Все братья захохотали. Папа был обманщик, это точно, но

известного остроумия у него было не отнять.

"Совести у него нет, - вступил Вильгельм. - Разве Хьюго

не рассказывал, как он даже не скрывает безверия? Разве ты,

Убертин, не передавал братьям, какие слова услышал от него

Орсини в первый же день его вселения в Авиньон?"
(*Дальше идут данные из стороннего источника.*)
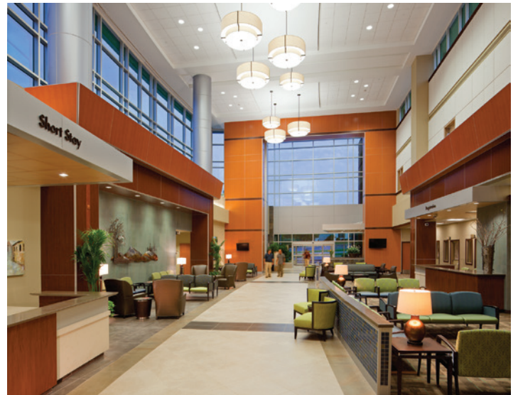
Short Stay at Tanner Medical Center/Carrollton

Our goal is to keep you well-informed about every step of your procedure. If you have any questions or concerns, please contact the number for your surgery center at the beginning of this booklet or ask a member of our medical staff.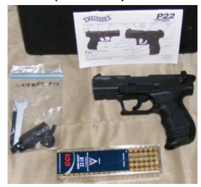
Walther P22, extra front sights and grip palm swells, lock, 100 rounds ammo. Low rounds (under 300) $375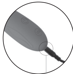
USB charging port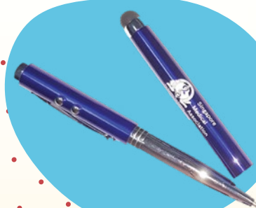
SMA 4-in-1 Multi Pen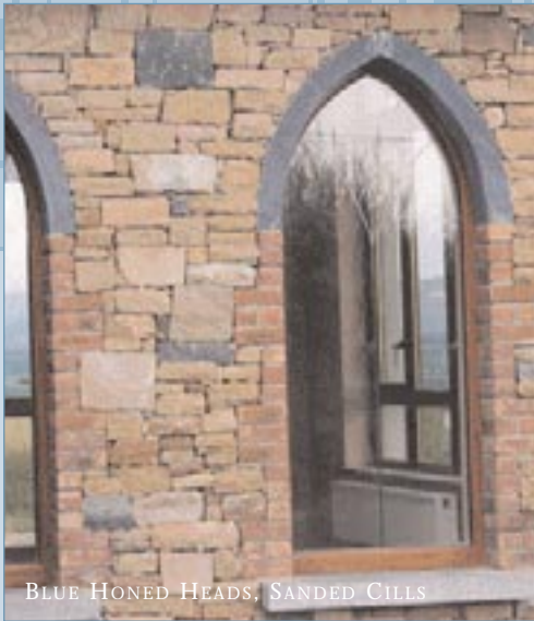
BLUE HONED HEADS, SANDED CILLS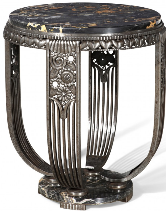
Edgar Brandt silvered wrought iron and portor marble center table, circa 1925, impressed "E. BRANDT", 27 inches tall, 23 inches in diameter (est. $20,000-$30,000).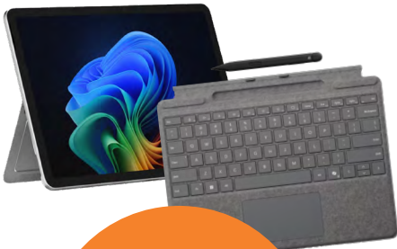
Surface Pro 11 12” Platinum 12 Inch Keyboard and Slim Pen Extended Hardware Service - 3 Years

Snapdragon X Plus (10 Core) Qualcomm Hexagon 45 TOPS 16GB RAM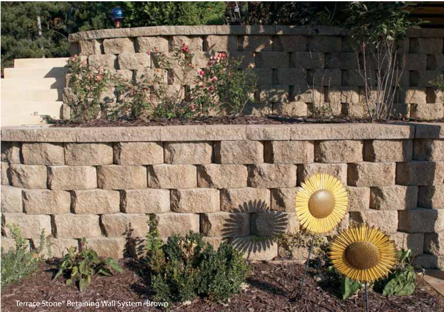
Terrace Stone® Retaining Wall System -Brown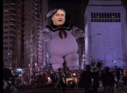
Voice Over: The legions of darkness, led by the giant marshmallow Leo, have taken the west coast...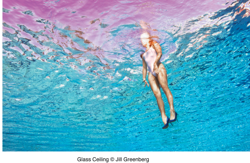
Glass Ceiling © Jill Greenberg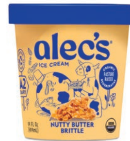
Alec's Ice Cream Nutty Butter Brittle SRP: $8.99 Booth: F92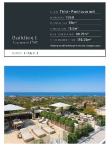
E303 T1 Penthouse Floor Plan 2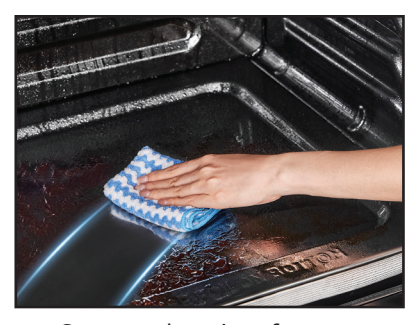
Steam cleaning feature

"А как же, - сказал Убертин. - Он заявил, что под

небесами Франции живется преприятно, и он не понимает, с какой

стати должен бросать все и ехать в такой убогий, разрушенный

город, как Рим. И раз уж папа, подобно апостолу Петру, наделен

властью вязать и решить, он намеревается этой властью

воспользоваться и остаться там, где он есть и где ему очень

хорошо. А когда Орсини заикнулся было, что долг его все же -

править с Ватиканского холма, он просто заткнул ему рот, и этим

дело кончилось. Но история с обетом имела продолжение. Сойдя с

ладьи, он должен был, согласно правилу, оседлать белую кобылу и

въехать на ней в резиденцию со свитой кардиналов на черных

жеребцах. Так требует традиция. А он взял и отправился в

епископский дворец пешком. И, по слухам, с этих пор

действительно ни разу нс садился на лошадь. И от такого

человека ты, Михаил, ждешь гарантий безопасности?"

Михаил надолго задумался. Потом ответил: "Его соображения

насчет местожительства я могу понять. И вмешиваться не

собираюсь. Но только он не должен вмешиваться в наши

соображения о бедности и в наше истолкование образа жизни

Христова".

"Не будь ребенком, Михаил, - возразил Вильгельм. -

Ваши... наши соображения о бедности выставляют в крайне

неприглядном виде его собственную доктрину. Осознай же наконец,

что за многие столетия ни разу не восходило на папский престол

более скаредное существо. Блудницы Вавилонские, которых недавно

громил наш Убертин, развратные папы, которых поносят твои

соплеменники-сочинители, к примеру это Алигьери, - все они

были тихие, кротчайшие овечки в сравнении с Иоанном. Это же

сорока-воровка, еврейский ростовщик, в Авиньоне заключается

больше сделок, чем во Флоренции! Я слышал о его мерзопакостной

сделке с племянником Климента, Бертраном де Готом, устроителем

кровавой бани в Карпентрасе (в ходе которой, кроме прочего,

кардиналам помогли избавиться от всех их сбережений). Этот

Бертран успел запустить лапу в сокровищницу дяди, где кое-что

было, и преизрядно, а Иоанн давно не спускал с него глаз и

поэтому мог перечислить по вещице все украденное добро (в своей

Cum venerabilis он приводит полный список: медали, золотые и

серебряные сосуды, книги, ковры, драгоценности, утварь...).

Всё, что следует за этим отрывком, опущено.